= Available data =
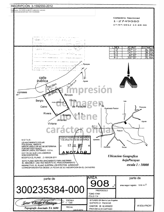Nota: propiedad requiere delimitación y cercado de los vértices por parte de un topógrafo con mojones de cemento para definir el perímetro del terreno este gasto corre por cuenta del eventual adjudicatario, cualquier diferencia de cabida existente contra la comprobación de campo, quedará a discreción del comprador realizar los trámites legales para su reposición o rectificación, por lo que el comprador exonera al Banco Nacional de Costa Rica  de cualquier responsabilidad presente o futura por el exceso o faltante y renuncia a cualquier reclamo posterior judicial y/o administrativo con la firma del cartel de venta y/o formulario de oferta de compra.
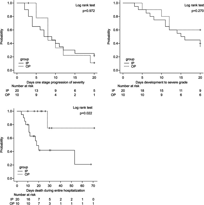 Methods: We retrospectively assessed the characteristics and data of 20 inpatients undergoing hemodialysis who were hospitalized for treatment of diseases other than COVID-19 during the COVID-19 nosocomial outbreak ("inpatient," IP), and of 10 outpatients undergoing hemodialysis who were hospitalized for the care of COVID-19 under outpatient visits ("outpatient," OP).
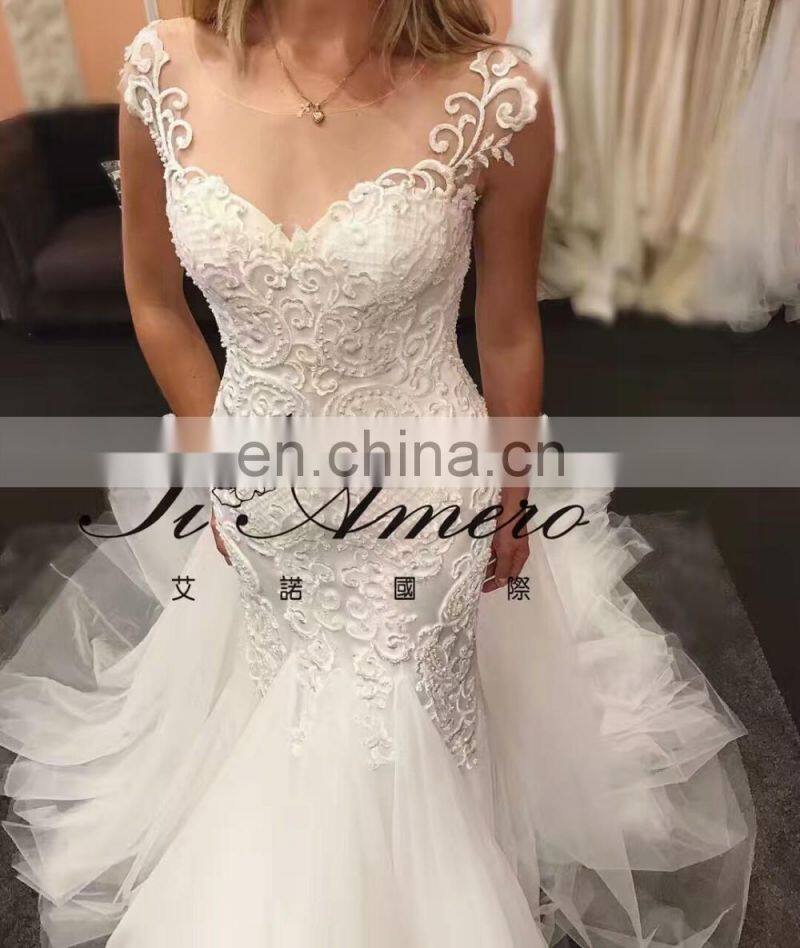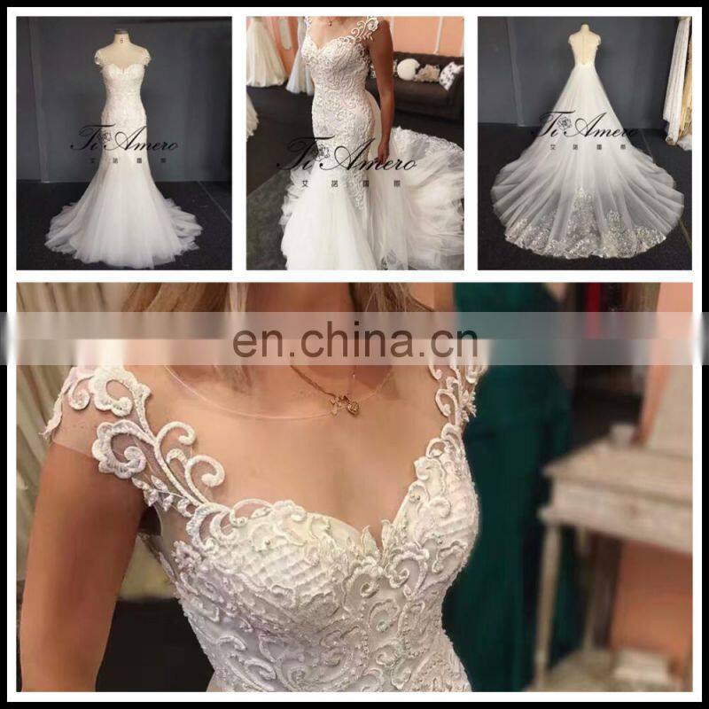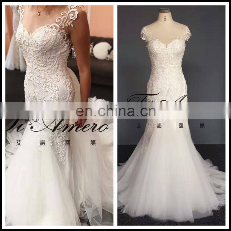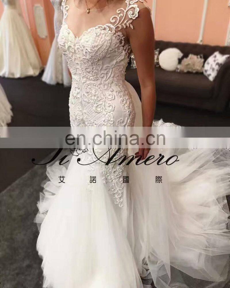 2017 High Quality Lace Beading Mermaid Wedding Dress With Detachable Train Tiamero 1A1175A

= What to work on =
Take the data above and repeat it exactly, leaving each picture out.

= Finished exercise =
Nota: propiedad requiere delimitación y cercado de los vértices por parte de un topógrafo con mojones de cemento para definir el perímetro del terreno este gasto corre por cuenta del eventual adjudicatario, cualquier diferencia de cabida existente contra la comprobación de campo, quedará a discreción del comprador realizar los trámites legales para su reposición o rectificación, por lo que el comprador exonera al Banco Nacional de Costa Rica  de cualquier responsabilidad presente o futura por el exceso o faltante y renuncia a cualquier reclamo posterior judicial y/o administrativo con la firma del cartel de venta y/o formulario de oferta de compra.
 Methods: We retrospectively assessed the characteristics and data of 20 inpatients undergoing hemodialysis who were hospitalized for treatment of diseases other than COVID-19 during the COVID-19 nosocomial outbreak ("inpatient," IP), and of 10 outpatients undergoing hemodialysis who were hospitalized for the care of COVID-19 under outpatient visits ("outpatient," OP).
 2017 High Quality Lace Beading Mermaid Wedding Dress With Detachable Train Tiamero 1A1175A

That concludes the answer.